Here is the thing, do you need money to study? Can you pay your own fees? If you can’t, then can you make time to work and study at the same time? Have you calculated the cost of fashion designing school? Do you think your parents or you can afford it? If you have the answers to these questions then you can get the solution. You seem to have changed your mind in second semester. If fashion designing was your thing then why did you end up in hotel management in the first place? You have managed to confuse your parents. And it seems that they are not taking you seriously. Now I will not tell you exactly what to do here as there is money involved. So calculate your expenses and see what you can do. That’s the only way to go to fulfill your dreams.
Dear Malvika,
I am a 29-year-old married woman.

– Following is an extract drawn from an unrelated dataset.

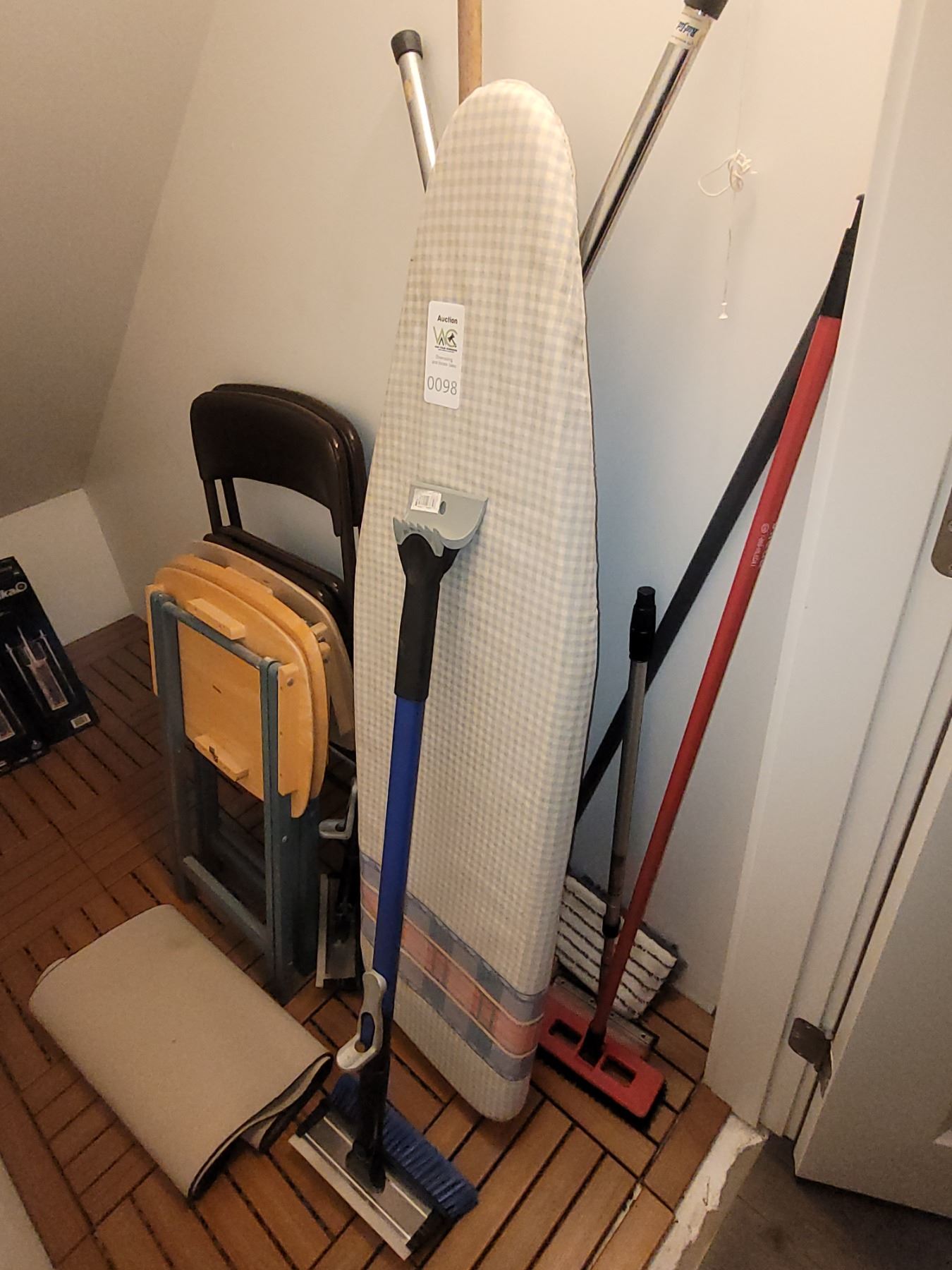 3 fold down tv type tables. 2 fold down chairs. Ironing board and brooms. Pickup at 10 am
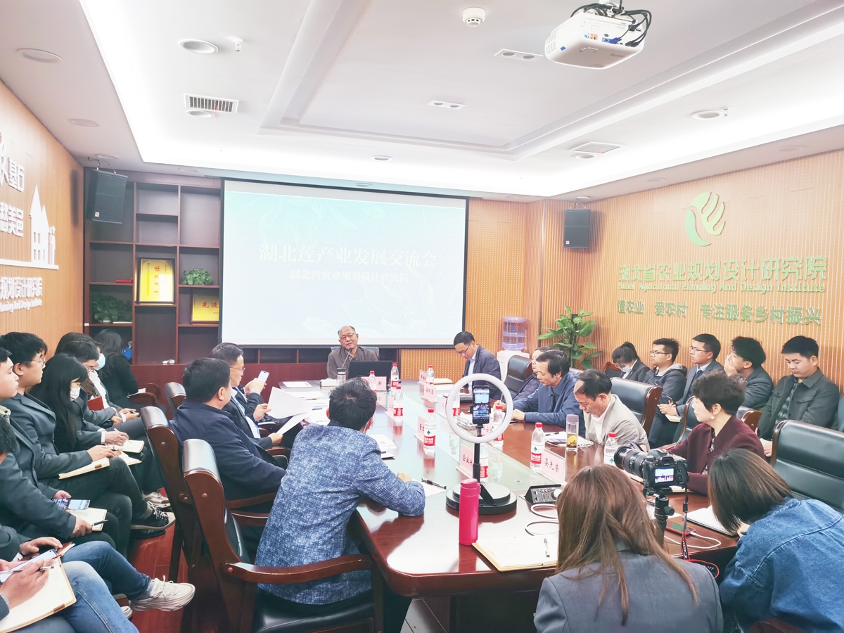 4月12日,湖北莲产业发展交流会在湖北省农业规划设计研究院举行。湖北省农科院研究员何建军、华中科技大学教授晏明春和洪湖市及相关企业代表30多人参与交流。(通讯员 张胜 摄)

It has been a year since we got married and I have started feeling that my husband is not the same when he was before marriage. I consoled myself thinking this is one of the phases that every relationship passes through. My husband has a close friend of his and he spends more time with him than he does with me. I have tried explaining that I need his attention and priority more than any other person and he respected my words. But I have lately realized that he has been maintaining distance with me. Did I do any mistake? What would you suggest me to do?
So there are phases to every relationship especially after marriage. It seems like men need more space than women after marriage. Maybe I am wrong, but I have heard many women complain of the same thing. So either our society has issues, or men don’t know how to handle relationships, or make relationships, I don’t understand. You see men do not think like us. They think that okay we are married now so why do we have to spend all the time together. Being married for them means being together but that’s not how it works. All I would say is try your best. Say that at least in the weekend one day is mine. And that you need to eat together at least 4 to 5 times together, maybe dinner. Maybe he has felt that you are constantly complaining about it. So let him be on his own for a while. Make plans with your own friends. And be the same way you were before being married. And see how that goes.